Health Care and Bankruptcy Go Hand in Hand
by Tim Manni
Until recently, health care and bankruptcy never seemingly went hand in hand. Nearly 30 years ago, only 8% of families who filed bankruptcy cited serious medical problems as the reason. The findings from a 2007 study found that number has risen to 62%. What may be more shocking is that the study claims 78% of those filers had medical insurance at the start of their illness:
This newest, nationwide study, conducted before the start of the current recession by Drs. David Himmelstein and Steffie Woolhandler of Harvard Medical School, Elizabeth Warren of Harvard Law School, and Deborah Thorne, a sociology professor at Ohio University, found that the filers were for the most part solidly middle class before medical disaster hit. Two-thirds owned their home and three-fifths had gone to college.

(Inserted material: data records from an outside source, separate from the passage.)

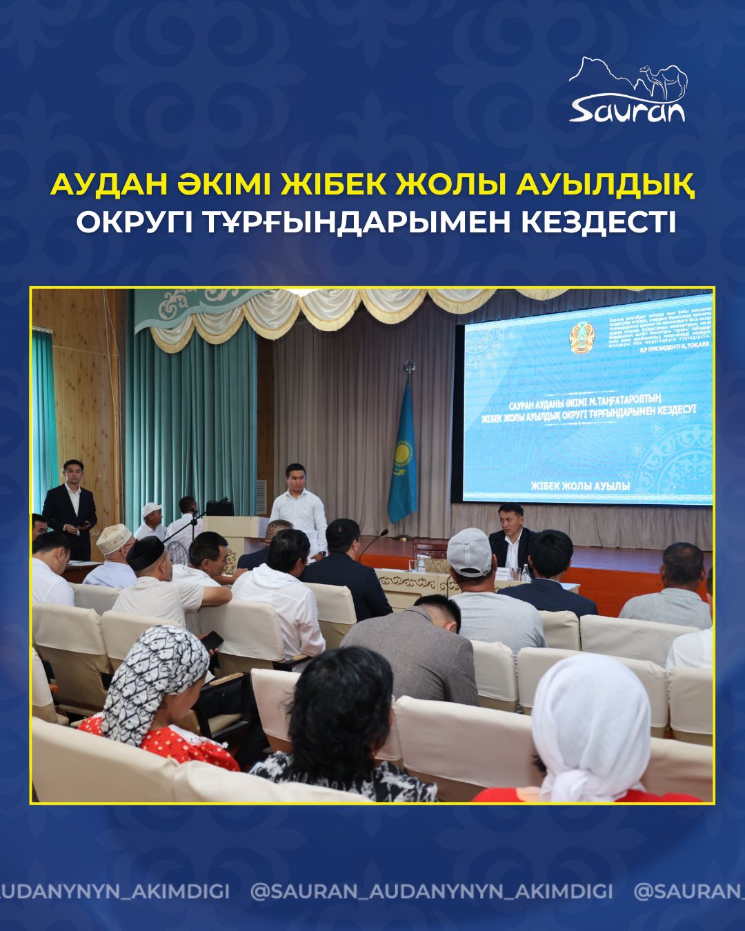 2025 жылдың І жартыжылдығында Сауран ауданының әкімі Мақсат Таңғатаров Жібек жолы ауылдық округінің тұрғындарымен кездесу өткізіп, ауылдың әлеуметтік-экономикалық дамуы, инфрақұрылым жағдайы және алдағы жоспарлар бойынша пікір алмасты. Ашық диалог форматында өткен кездесуде тұрғындар өзекті мәселелерін ортаға салып, ауыл тіршілігін жақсартуға қатысты ұсыныстарын жеткізді.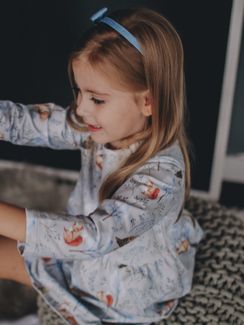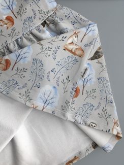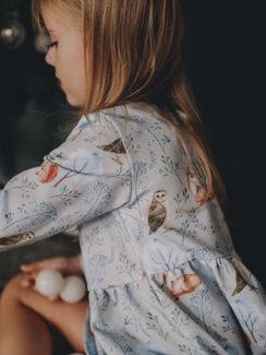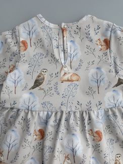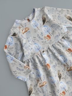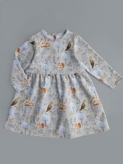 <p>Платье с длинным рукавом из мягкого хлопкового трикотажа футер качества пенье с принтом &quot;Зимний лес&quot; - белочки, олени, совы. На горловине застежка-кнопка.</p> None Возможен самовывоз. Есть доставка.
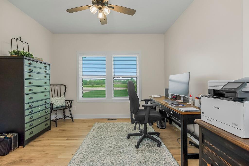 Enjoy the best of country living on nearly 2+ acres with wooded surroundings, added privacy, and access to a 25-acre stocked fishing lake. The home features an extraordinary kitchen with a large walk-in pantry, open to a spacious living room—perfect for both everyday living and entertaining. Beautiful solid hardwood floors throughout with the exception of the tiled baths. The main level offers 3 bedrooms, 2½ baths, and the convenience of main-floor laundry. The owner’s suite is privately situated on its own side of the home, with two additional guest bedrooms thoughtfully separated. The full walkout basement is ready for your finishing touches, offering additional living space and endless possibilities.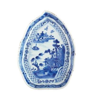 (A PRIVATE SCOTTISH COLLECTION) PAIR OF BLUE AND WHITE PEACH-FORM DISHES

Again today President Obama reiterated his call for health care reform, calling out his opposition and praising his supporters. Last month the president addressed a letter to Democratic Senate leaders which stated that “Soaring health-care costs make our current course unsustainable. It is unsustainable for our families, whose spiraling premiums and out-of-pocket expenses are pushing them into bankruptcy and forcing them to go without the checkups and prescriptions they need.”
But are soaring health care costs the only cause of our “unsustainable” health care system? Are “spiraling premiums” behind the increased bankruptcies? The study says not entirely (emphasis added):
[The study] found that a number of medical factors contributed to a family’s financial disaster. More than 90% of medically related bankruptcies were caused by high medical bills directly or medical costs that were so high the family was forced to mortgage their home. The remaining 8% went bankrupt because a medical problem caused them to lose income.
Dr. Woolhandler, an advocate of a single-payer health-care system, said lawmakers in Washington should reconsider health-care reform in light of the study. “Covering the uninsured isn’t enough,” she said. “Reform also needs to help families who already have insurance by upgrading their coverage and assuring that they never lose it.“
There are several issues regarding President Obama’s health care reform that begged to be discussed in this blog, but for today we’ll settle on just one: if the president’s health care reform merely focuses on providing health care to the 50 million uninsured Americans, he will have missed his opportunity to fix an equally debilitating problem.
The study says that of the families which had insurance but lost it during their illness, their medical bills averaged $22,658:
“For middle-class Americans, health insurance offers little protection. Most of us have policies with so many loopholes, co-payments, and deductibles that illness can put you in the poorhouse,” said lead author Himmelstein. “Unless you’re Warren Buffett, your family is just one serious illness away from bankruptcy.”